Même dans ses projections les plus optimistes, l’Aigle savait (sait) le temps de son hégémonie compté. Le bellicisme ambiant n’a rien de fortuit : ouvrir avec ses faibles alliés atlantistes de nouveaux fronts pour retarder l’échéance. Peine perdue ! Le monde multipolaire est déjà là, plus prégnant que jamais.
À propos des projections le plus souvent très sérieuses de la communauté du renseignement, elles ramènent au vieux débat d’école Hegel/ Marx sur le moteur de l’Histoire que se disputent les idées et les faits.

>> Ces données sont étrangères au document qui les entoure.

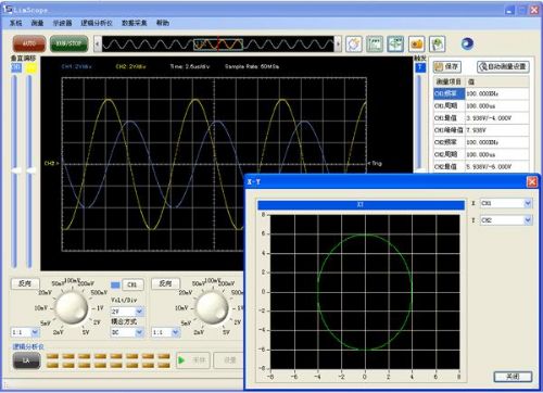 60M帶寬數(shù)字示波器。實(shí)時(shí)采樣率200MSa/s,全速USB2.0接口,支持X-Y方式顯示。

D’un côté, des éditorialistes et des chroniqueurs méprisants, des journalistes barbouzes, des universitaires et pré-universitaires qui pensent avoir été coopté sur la prochaine liste de ceux qui vont diriger le monde, des écrivains et porteurs de mallettes médiatiques qui dans leur bulle de prétention croient savoir comment tourne le monde à coups de punchlines ou en se gargarisant d’une érudition livresque.
De l’autre, des soldats, des gens du renseignement, des diplomates, des hommes de mission et de terrain qui tiennent un rôle ingrat. Dans le feu de l’action ou dans l’ombre, ils ont une tout autre version de ce qui est commenté par des gens qui ne parlent que pour eux . Les premiers répètent des versions qu’on a bien voulu distiller pour faire politiquement correct. Les seconds gardent pour eux souvent jusqu’à leur mort la véritable version des faits.
Marcher dans le sens de l’Histoire est un choix. Les couloirs entre les deux catégories ne sont pas séparés par des cloisons étanches. Accepter et diffuser le mensonge ou garder la vérité pour soi ? Ce n’est pas une affaire de « carrière » mais de dignité.